Minister of Industry and Work
- In office 1963–1964
- Preceded by: Ángel María Gianola
- Succeeded by: Francisco Mario Ubillos

Personal details
- Born: April 29, 1922 Santa Lucía, Uruguay
- Died: April 29, 2011 (aged 89)
- Party: National Party (Uruguay)
- Occupation: Politician, lawyer

= Walter Santoro =

Uruguayan lawyer (1922–2011)

Walter Santoro Baratçabal (April 29, 1922 – April 29, 2011) was a Uruguayan lawyer and politician who served as the Minister of Labour and Social Security of his nation from 1963 to 1964.

He also served as the interim President of Uruguay for a brief period of time during Luis Alberto Lacalle's presidency.

== Biography ==
Walter Santoro was a member of the National Party, and he played a key role before and after the coup d'etat of 1973. He graduated in Law from the University of the Republic and soon became interested in politics.

Following the Uruguayan dictatorship (1973–1985), he decided to remain out of the political scene as a means of showing his disapproval of the government.

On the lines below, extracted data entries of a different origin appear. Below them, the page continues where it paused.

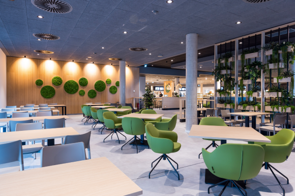 Eine einladende Atmosphäre und zeitgemäßes Design stehen dabei im Mittelpunkt. Der „Grüne Wenzel“ ist mehr als nur ein Pausenort – er ist ein durchdacht gestalteter Raum für Begegnungen, kleine Meetings und ruhige Rückzugsorte. Innen stehen 480 Sitzplätze bereit, zusätzlich lädt die großzügige Terrasse mit fast 200 Sitzplätzen im Sommer zum Verweilen und Genießen unter freiem Himmel ein.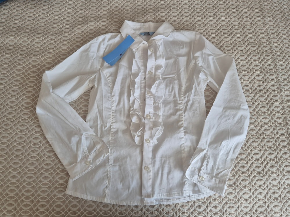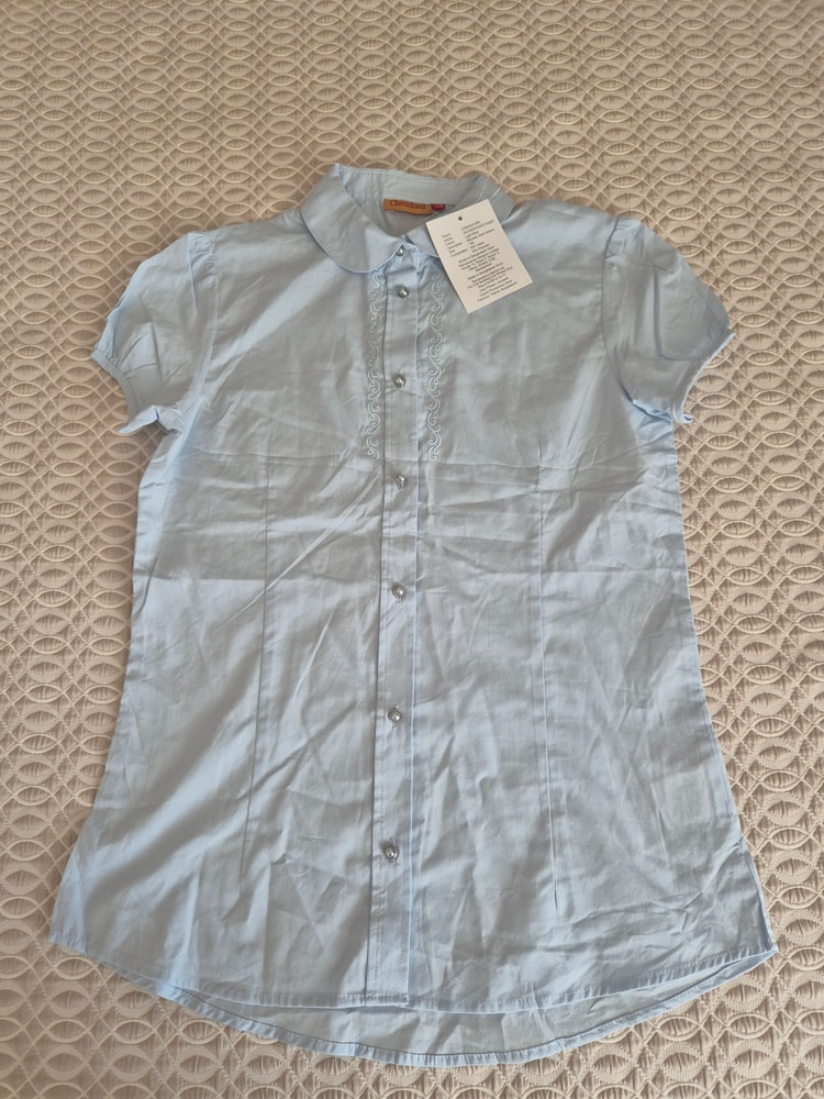 53. Новая блузка. Переобмен. В новой школе у дочки не нужна школьная форма. Размер 146, но скорее на 152. Экв 2500 вроде был.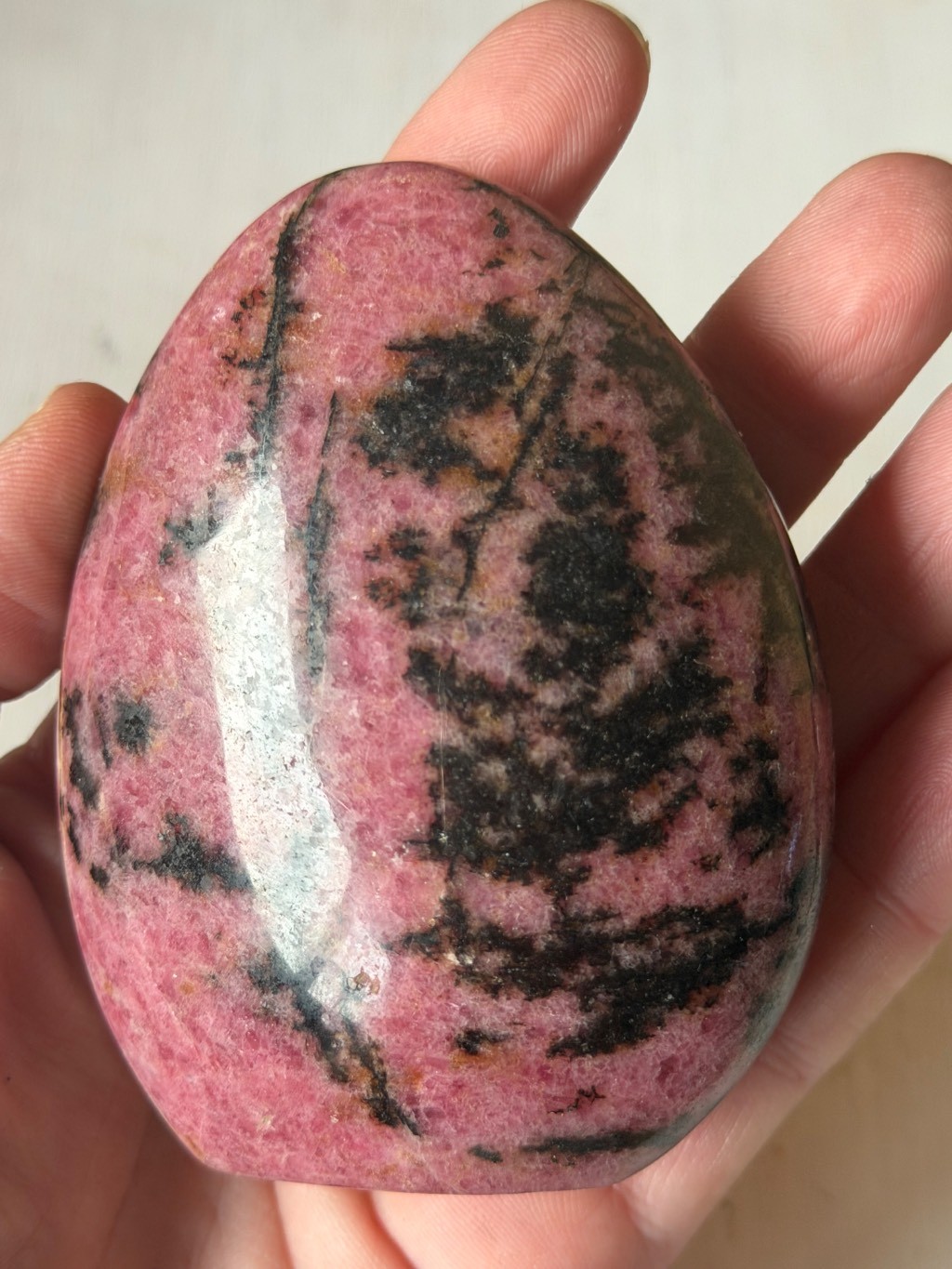 Rhodonite polie en forme libre de Madagascar,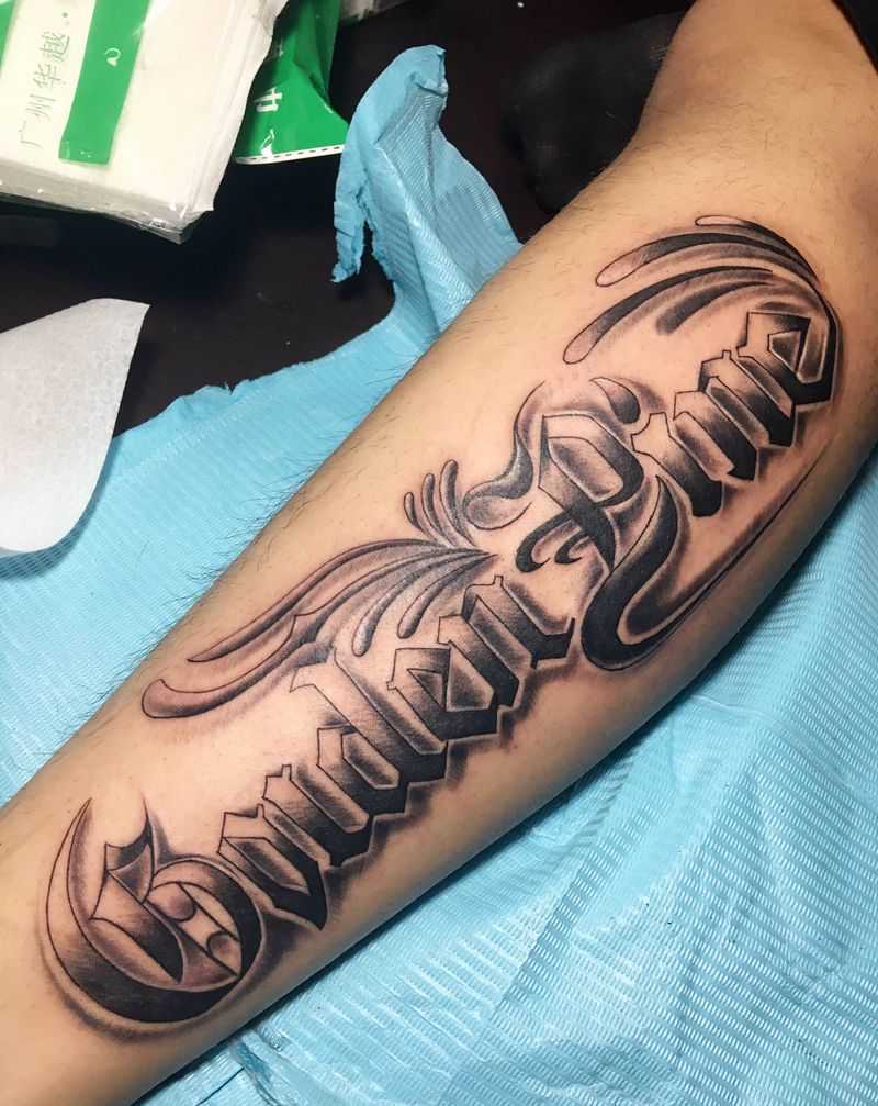 当前位置: 首页 >山东省威海市纹身店-大鹏刺青纹身图案>原创奇卡诺字体纹身图片_腿部纹身图案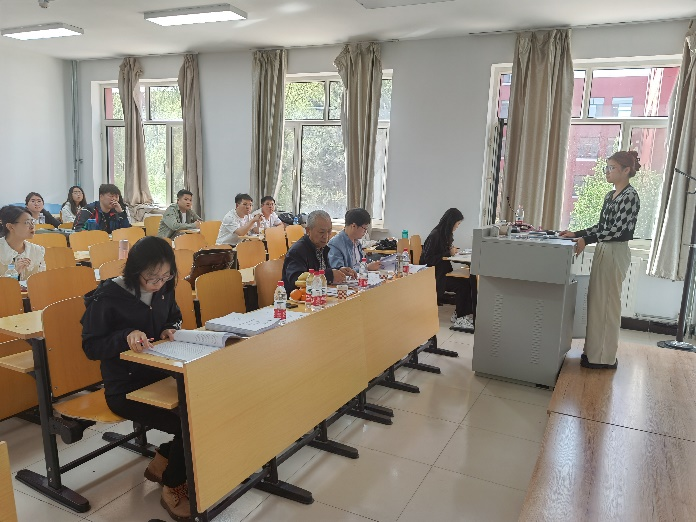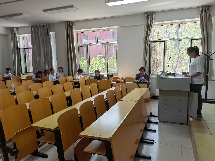 第八组于行知楼218教室进行答辩,答辩评委组长是齐英老师,参与的老师还有包梅花、哈斯格日勒、朝鲁门。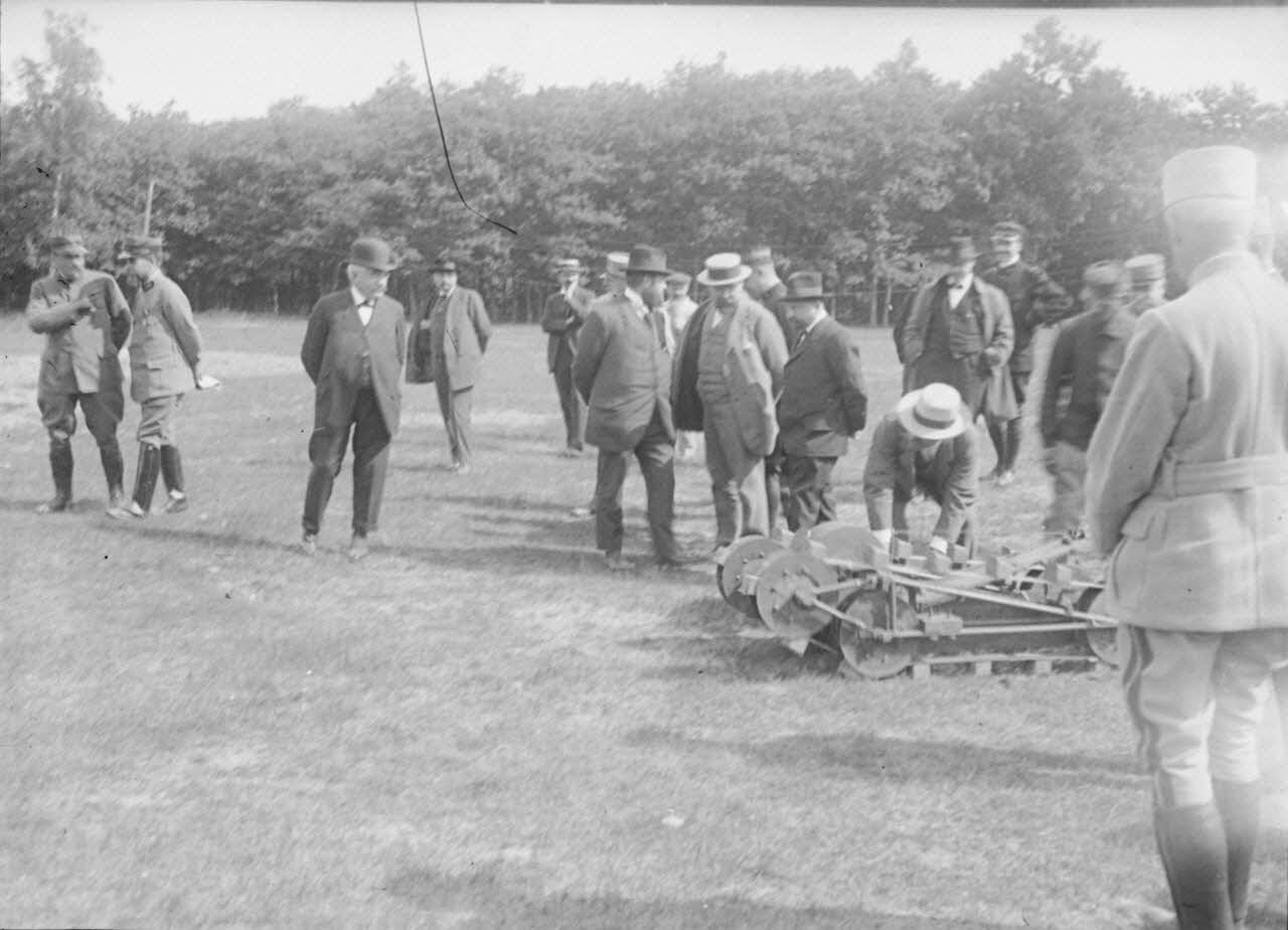 Visite officielle à l'occasion des essais d'un canon de 75mm et démonstration du fonctionnement d'une chenille mécanique.

This decision earned him many followers, among which there are left-wing politicians such as current president José Mujica.

In 1985, when democracy was eventually restored in Uruguay, Santoro was chosen representative from Canelones Department and served as such until 1990, when he became senator for two consecutive periods, from 1990 to 1995 and from this year to 2000.In 1994 he separated from Lacalle and promotes the presidential candidacy of Alberto Volonté the sector Bootstrap . After serving ten years as senator of the Republic, he retired in 2000 and kept a low profile until the time of his death, which took place in Santa Lucía, southern Uruguay, on April 29, 2011.

Santoro's funeral was celebrated at the Legislative Palace, in Montevideo. His remains are buried at Santa Lucía Cemetery.